B. O. B Bob

We recently suffered the loss of a beloved family member, my brother-in-law Bob. His death was one of those ‘it won’t be long’ sort of expected moments that still breaks your heart; and pisses you off when it happens.

Bob was my wife’s sister DiAnn’s husband. He was about fourteen years older than me although I hardly noticed the age difference. I was three years into my sobriety when my wife, Daryl and I visited them in Florida. Shortly after we arrived Bob handed me two newspaper clippings listing the times and locations of AA meetings in the area. He didn’t say anything further to me about it except that he would be happy to drive me to either of them if I wanted.

What a guy.

Lot’s of folks have had reason to comment on Bob’s frugality, I will only say this: Daryl and I were once visiting them over our wedding anniversary, Bob was shocked that I was going to spend xxx dollars on a card that my wife would only read once. He wouldn’t go down the card aisle with me.

Seriously.


If I wanted to torture Bob, and believe me I often did, I would buy a five dollar greeting card and wave it in his face.

Bob showed me the joy of driving a car right down the beach in Daytona, Florida, setting up a tent, a grill and cooking sausages for lunch.
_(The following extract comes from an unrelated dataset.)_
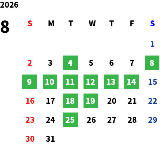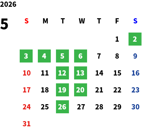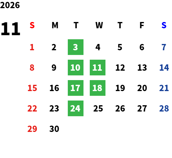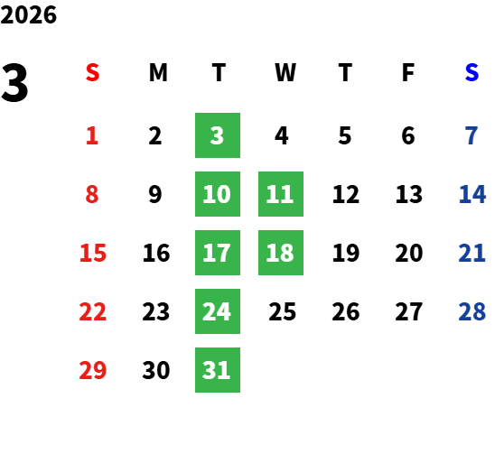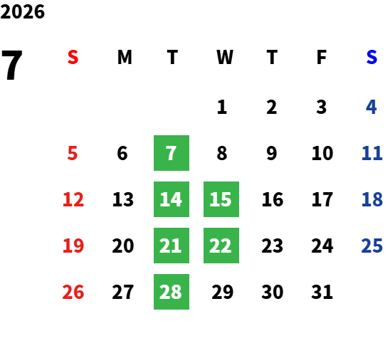 毎週火曜日(祝日の場合は翌日)および第2・第3火曜日の翌水曜日、

Bob taught me that you never order coffee or a soda at the restaurant “because that’s how they get you.” A phrase I now use quite often.

Bob taught me that you can return anything to any store.

Period.

He also taught me (in the same lesson) that I don’t ever want to go Black Friday shopping again as long as I live. He convinced me to stand in a Walmart at 3 AM with my hand on a computer while he was elsewhere in the store securing a slow cooker or some other essential item. Later that morning while I was sleeping off my breakfast he went to two other stores and bought two other computers, brought them home, inspected them, and took all three of them back.

Don’t ask.

Bob taught me to sit with another person and be comfortable with silence.

But of all the things Bob taught me – I am most grateful for his teaching me how to ‘husband.’ Early on in my marriage we were visiting them in Florida. I grabbed DiAnn’s lawn chair and started to set it up. Bob took it out of my hand and said: “Here I’ll do that – she’s my problem not yours.” I chuckled and thought that this was an opening for a man-to-man laugh about the ‘ole ball and chain’ but he didn’t say anything further. I watched him closely after that and soon realized it was easier for him to refer to her as his ‘problem’ rather than say “Here I’ll do that – she’s the most important person in my life.”

I often kid my wife and tell her “I am not your problem.”

My heart sings every time she replies “Yes you are” because I know what that means now. My wonderful, kind quirky brother-in-law Bob taught me.